▼

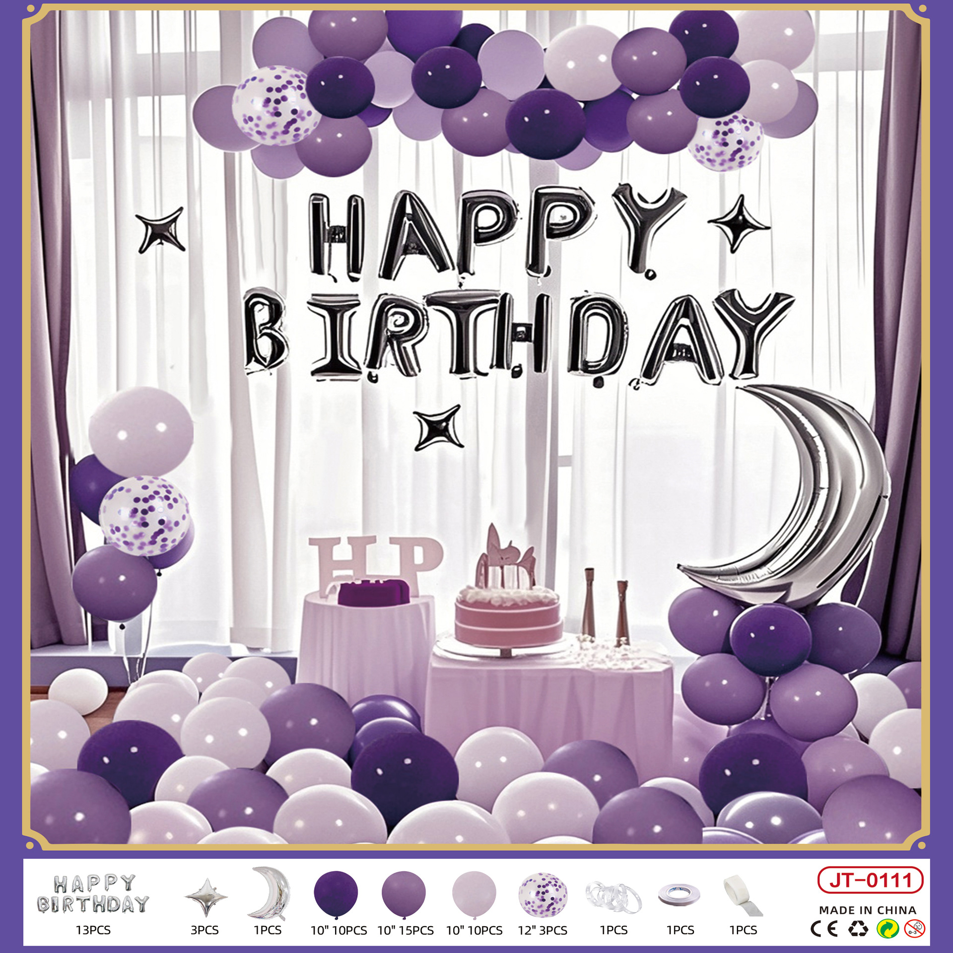 jt-sr01-7 purple silver crown set + [paper card packaging] + [dispensing and ribbon]]
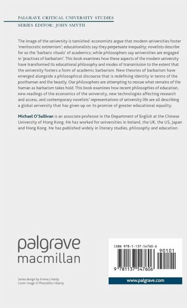 The image of the university is tarnished: economists argue that modern universities foster 'meritocratic extremism'; educationalists say they perpetuate inequality; novelists describe for us the 'barbaric rituals' of academics and philosophers say universities are engaged in 'practices of barbarism'. This book examines how these aspects of the modern university have transformed its educational philosophy and modes of transmission to the extent that the university fosters a form of academic barbarism. New theories of barbarism have emerged alongside a philosophical discourse that is redefining identity in terms of the posthuman and the beastly. Our philosophers are attempting to rescue back what remains of the human as barbarism takes hold. This book examines how recent philosophies of education, new readings of the economics of the university, new technologies affecting research and access, and contemporary novelists' representations of university life are all describing a globaluniversity that has given up on its promise of greater educational equality.
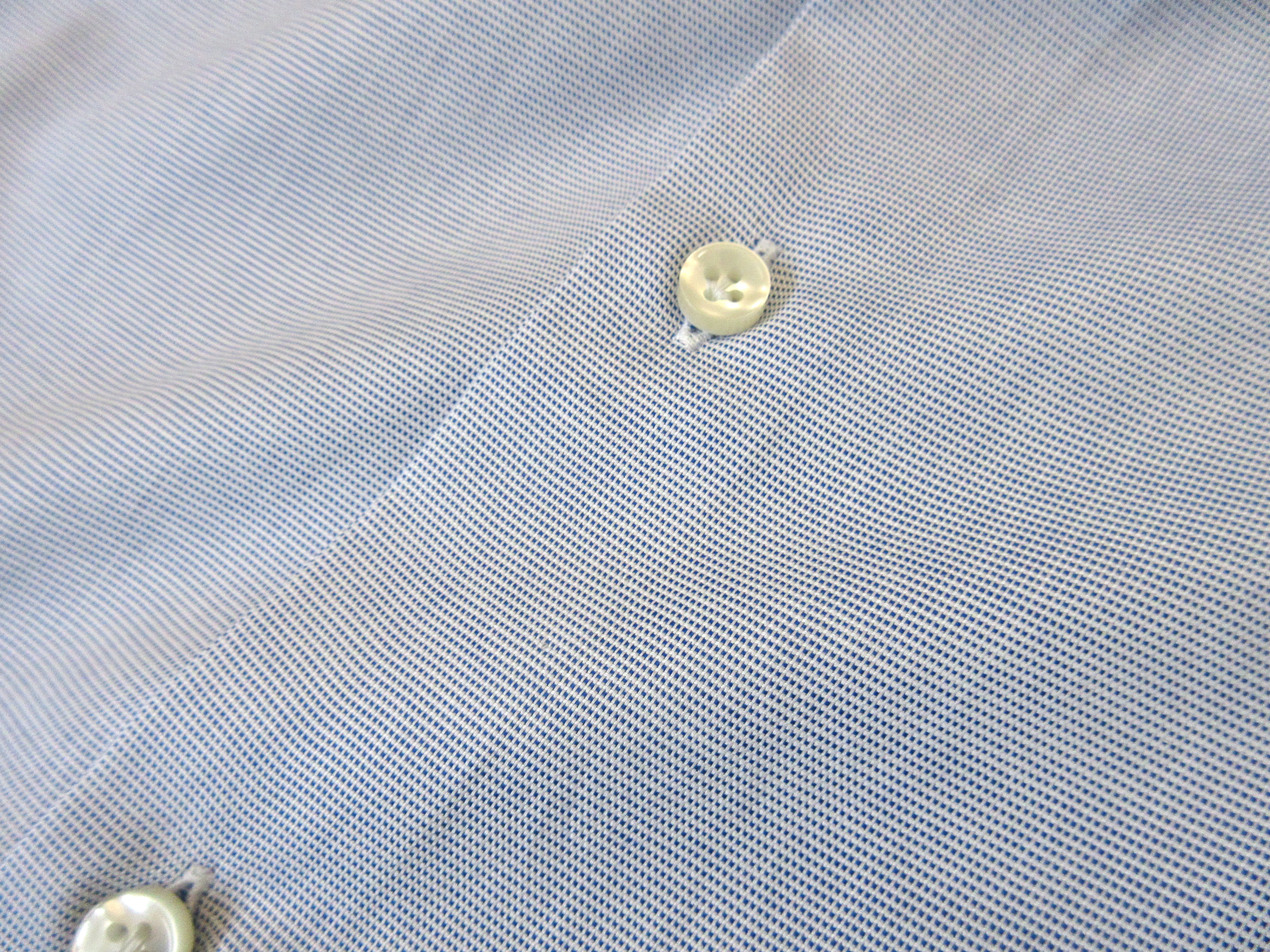 無地に見えるブルーとネイビーのシャツは、よーく見るとマイクロチェック柄が施されています。遠くから見れば無地ですが、やはり無地とは一線を画す。ちょっとの違いですが、表情の違いに大きな差がでています。

▲

Copy the listing exactly but drop its images.

 jt-sr01-7 purple silver crown set + [paper card packaging] + [dispensing and ribbon]]
 The image of the university is tarnished: economists argue that modern universities foster 'meritocratic extremism'; educationalists say they perpetuate inequality; novelists describe for us the 'barbaric rituals' of academics and philosophers say universities are engaged in 'practices of barbarism'. This book examines how these aspects of the modern university have transformed its educational philosophy and modes of transmission to the extent that the university fosters a form of academic barbarism. New theories of barbarism have emerged alongside a philosophical discourse that is redefining identity in terms of the posthuman and the beastly. Our philosophers are attempting to rescue back what remains of the human as barbarism takes hold. This book examines how recent philosophies of education, new readings of the economics of the university, new technologies affecting research and access, and contemporary novelists' representations of university life are all describing a globaluniversity that has given up on its promise of greater educational equality.
 無地に見えるブルーとネイビーのシャツは、よーく見るとマイクロチェック柄が施されています。遠くから見れば無地ですが、やはり無地とは一線を画す。ちょっとの違いですが、表情の違いに大きな差がでています。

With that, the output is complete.